Shivering in Guate

Okay Wisconsinites…go ahead, shame me all you will.  I can’t bite my tongue any longer. 
I shivered my way through my first week back with my students in Guatemala this January, and last week as well.

Go ahead, say it.  Tell me how two weeks ago you in the Midwest saw high temperatures of -15 degrees Fahrenheit.  Tell me how your lows were in the negative fifties.  Ask me how I can complain in my tropical climate and give me that smug “Central America has made you soft” look. 
I can take it.

But hear me out first.

I’m willing to bet that last week, if you went out into the cold at all, it was bundled up in a winter parka, hat, scarf, books, and mittens.  I’m willing to bet you didn’t stay out very long, and when you came inside, it was to a heated building where you could shed most of your layers and remain comfortable. 

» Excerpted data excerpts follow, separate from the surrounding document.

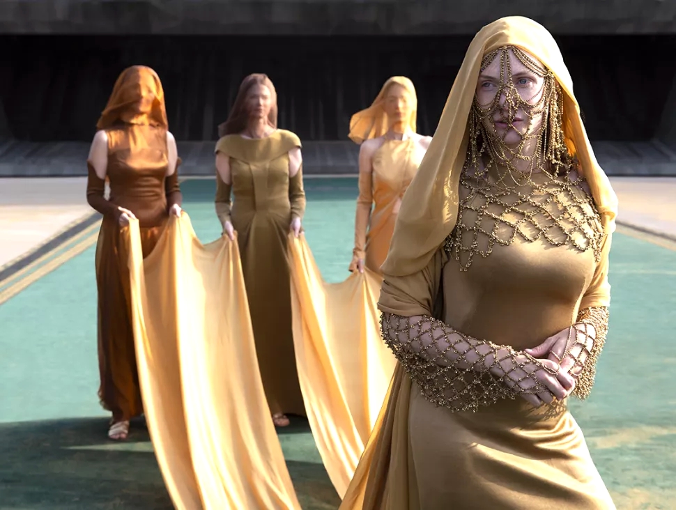 Самый яркий пример - это, наверное, золотисто-жёлтое платье леди Джессики. Покрывающие её голову цепи напоминают кольчугу, а вот модель платья позаимствовали у Balenciaga. Так как леди Джессика была не законной женой герцога Лето, а его наложницей, ей не было положено блистать ярким макияжем, замысловатыми причёсками и откровенными нарядами. А ещё она вышла из Бене Гессерит. От того платье её закрывает все участки кожи на теле и чем-то походит на то, что носят её сёстры по ордену. Местами чётко очерченный силуэт выражает её особое положение в обществе.
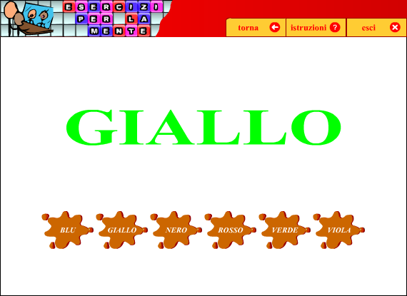 Il compito, ispirato al Test di Stroop, consiste nell'individuare il colore utilizzato per scrivere una parola, vincendo l'interferenza data dal significato della parola stessa (un colore che può coincidere o meno con il target).
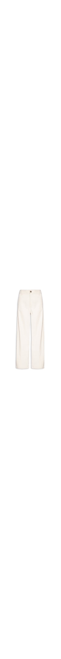 A calça off white é confeccionada em sarja com toque de linho sem elasticidade. A peça de modelo wide leg solta ao corpo possui cintura alta, cós com passantes e tag da marca aplicada em metal na parte posterior, bolsos frontais modelo faca, pences e bolsos posteriores, detalhe de tecido sobreposto as laterais com acabamento corte a fio, comprimento longo e fechamento frontal por botão e zíper.
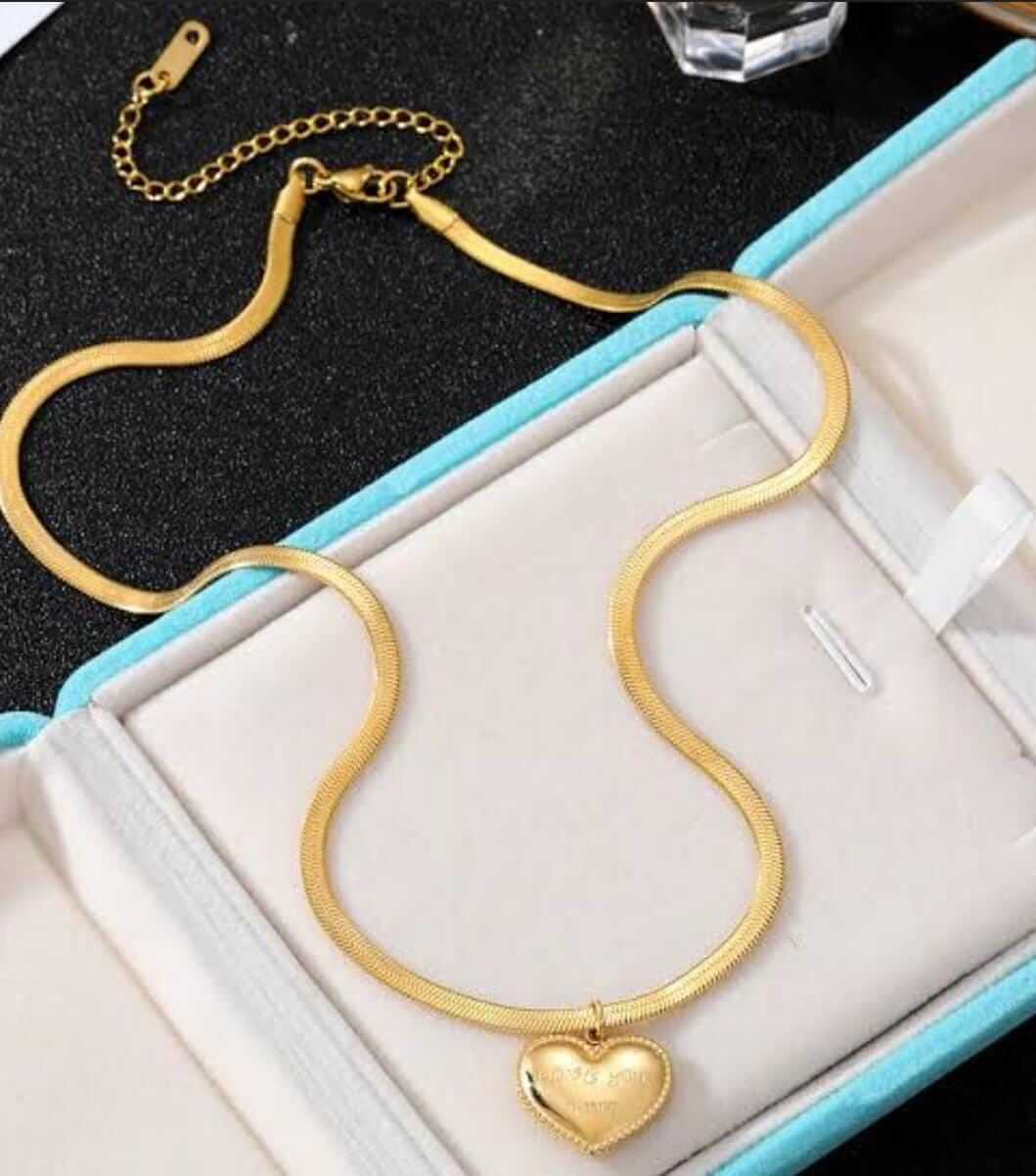 Express your love and elegance with this stunning Heart-Shaped Anti-Tarnish Necklace, crafted from premium stainless steel with a durable gold finish. Designed to resist fading, rust, and discoloration, this Korean-style necklace keeps its shine for years. Its delicate heart pendant shape adds a touch of romance and charm — perfect for daily wear, date nights, or gifting to someone special.

I know you’d kill for the 50 degree weather we had last week.  I realize if you hit a 50 degree day, you’d shed your coats and don flip flops and shorts and go out for a walk to the park. 

But I’m betting that even on that first 50 degree day of spring, you wouldn’t head outside in shorts, find the shadiest spot you could find, and sit there for the entire day.  No, you’d probably find a patch of sun and spend a little time there, then head back inside, where it would be a good 10-20 degrees warmer. 

When it’s 50 degrees in Guatemala, I don’t have that option.  None of the buildings are heated.  So that means a 50 degree morning outside equals perhaps a 55 degree (maybe 60) morning inside, too.  My classroom has one complete wall of windows.  Windows, I might add, which have about a 1 inch gap between them and the ceiling where fresh air squeezes in, no matter whether the windows and doors are closed or not.  So last Tuesday,  I sat shivering, wishing for some fingerless gloves and a more substantial sweater, watching the thermometer on my weather app creep from 51 to 55, and finally to 60—but not until about noon, 5 hours into my teaching day. 


Okay.  My complaints are done.  You may resume your contempt for me and my plight.  It’s getting a little warmer here again.  It was 55 before I even left my house this morning.  My students are still wearing 2 sweatshirts to school, though…so it must not be all that warm yet.